# Motion and Energy

1. Jan 15, 2013

### jimmy4

I have attempted this question, please feel feel to comment.

A horizontal force of 80 N acts on a mass of 6 kg resting on a horizontal surface. The mass is initially at rest and covers a distance of 5m in 0.92 s under the action of the force. Assuming that there is no energy lost to air resistance and therefore that the acceleration is constant.
1. calculate the total energy expended in the acceleration
2. calculate the coefficient of friction between the mass and the surface.

Ans attempt.

1. acceleration s = (1/2) at^2
s = (1/2) a(0.92)^2
5 = 0.4232a
a = 5/0.4232
a = 11.815 m/s

Final Velosity v = a * t.
v = 11.815 * 0.92 = 10.87ms^2
Initial Velosity u = 11.815 * 0 = 0

Kinetic Energy Ke = 1/2 (mv^2)
= (1/2) 6 * 10.87^2
= 354.46 Joules

2. Force = m * a the fifferance between 80 N and the friction.
6 * 11.815 = 70.89 N

P = 80 - 70.79 = 9.11 N

P = (mu)Rn
mu = P/Rn
9.11/58.86
mu = 0.154

Any advice would be welcome. Jimmy

2. Jan 15, 2013

### G01

Isn't there also an energy lost due to friction that adds to the total?

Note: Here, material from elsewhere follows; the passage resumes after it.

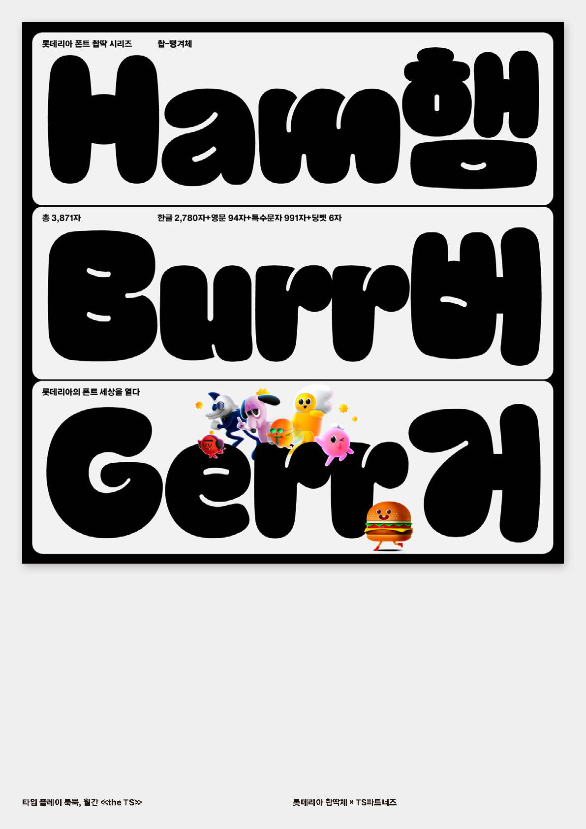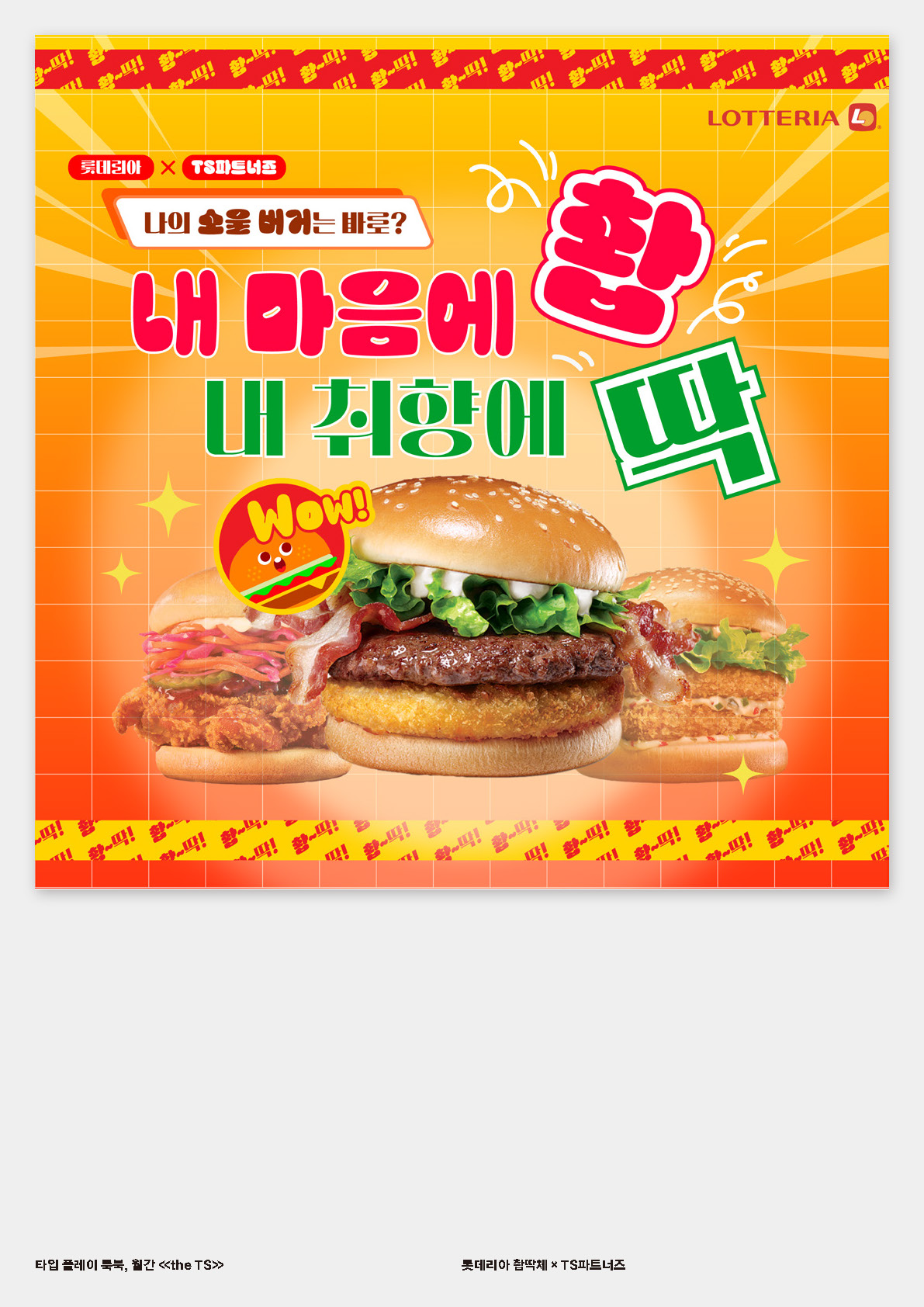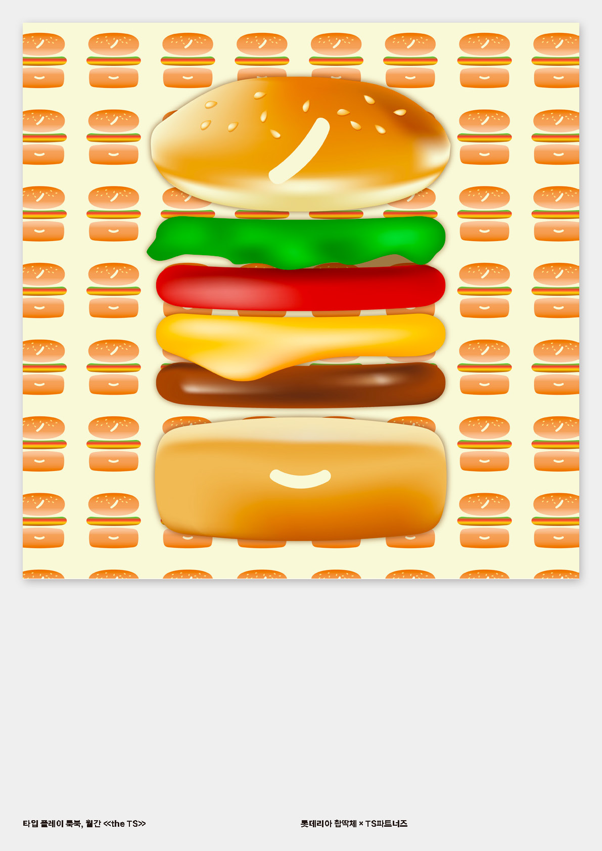 월간 《the TS》 2023년 3월호는 「촵딱체」 2종을 활용한 타이포그래피 작업물 모음입니다. 서체를 개발한 엉뚱상상, 그리고 TS 파트너즈(온라인 디자인 매체 『타이포그래피 서울』의 2030 크리에이터 그룹)가 디자인을 진행했습니다. TS 파트너즈 작업물의 경우, 2월 한 달간 일종의 공모전 형식으로 응모작들을 받아 그중 우수작 스무 편을 이번 월간 《the TS》에 수록했어요. 롯데리아 브랜드를 운영하는 롯데GRS 측에서 직접 우수작을 선정했습니다.
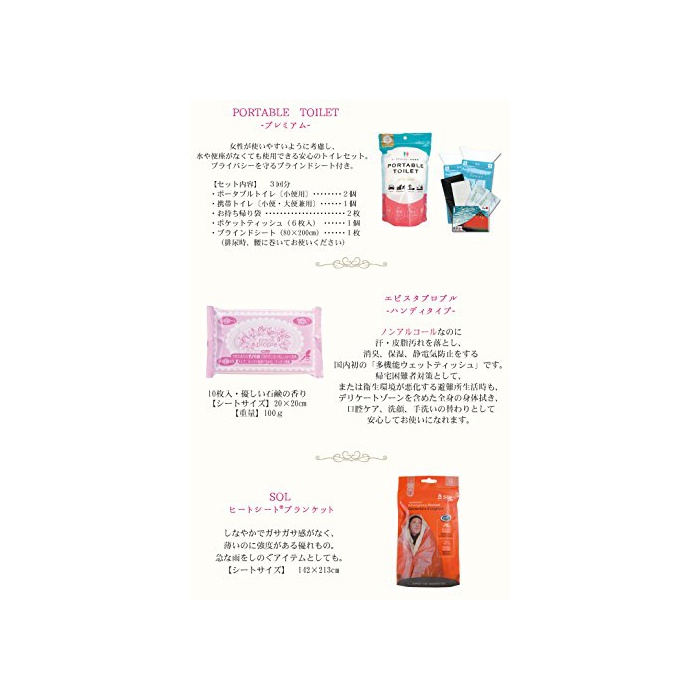 세트 내용:행거 파우치/프리미엄 포터블 화장실(3회분)/생리용 napkin(센터 잉꼬《파쿠토》마리부24cm8 매들어감)/무알콜 다기능 웨트(wet) 티슈(10 매들어감)/고품질 blanket/방재 장갑/3M방 하지 않겠 마스크/ 이상각1점

Hint: How much total work was done by the 80N force on the block? How does that differ from the energy gained by the block? (You computed this above.) Can you relate this discrepancy to the coefficient of friction?

3. Jan 16, 2013

### CWatters

G01. ... I think the question is slightly missleading. The total energy expended is just force * distance but the question asks..

Is that asking for the total energy required to accelerate the object OR just that fraction required to accelerate it and ignoring the fraction required to overcome friction?

I'd give both answers and let the examiner sort it out :-)

4. Jan 16, 2013

### G01

I pretty sure it's asking for the total energy expended. Overcoming friction is an important part of the acceleration process. :)

5. Jan 16, 2013

### hms.tech

I think you are right, for a body to accelerate it would have to expend energy to overcome friction.

The answer "354.47 J " would have been correct if the question explicitly asked about the amount used to increase the Kinetic Energy .

6. Jan 16, 2013

### CWatters

I was concerned that makes the question rather easy. Just 80N x 5m = 400 Joules.

7. Jan 16, 2013

### G01

Yes, part 1 is easy if the question is interpreted this way. But all the work you did above is still important for part 2.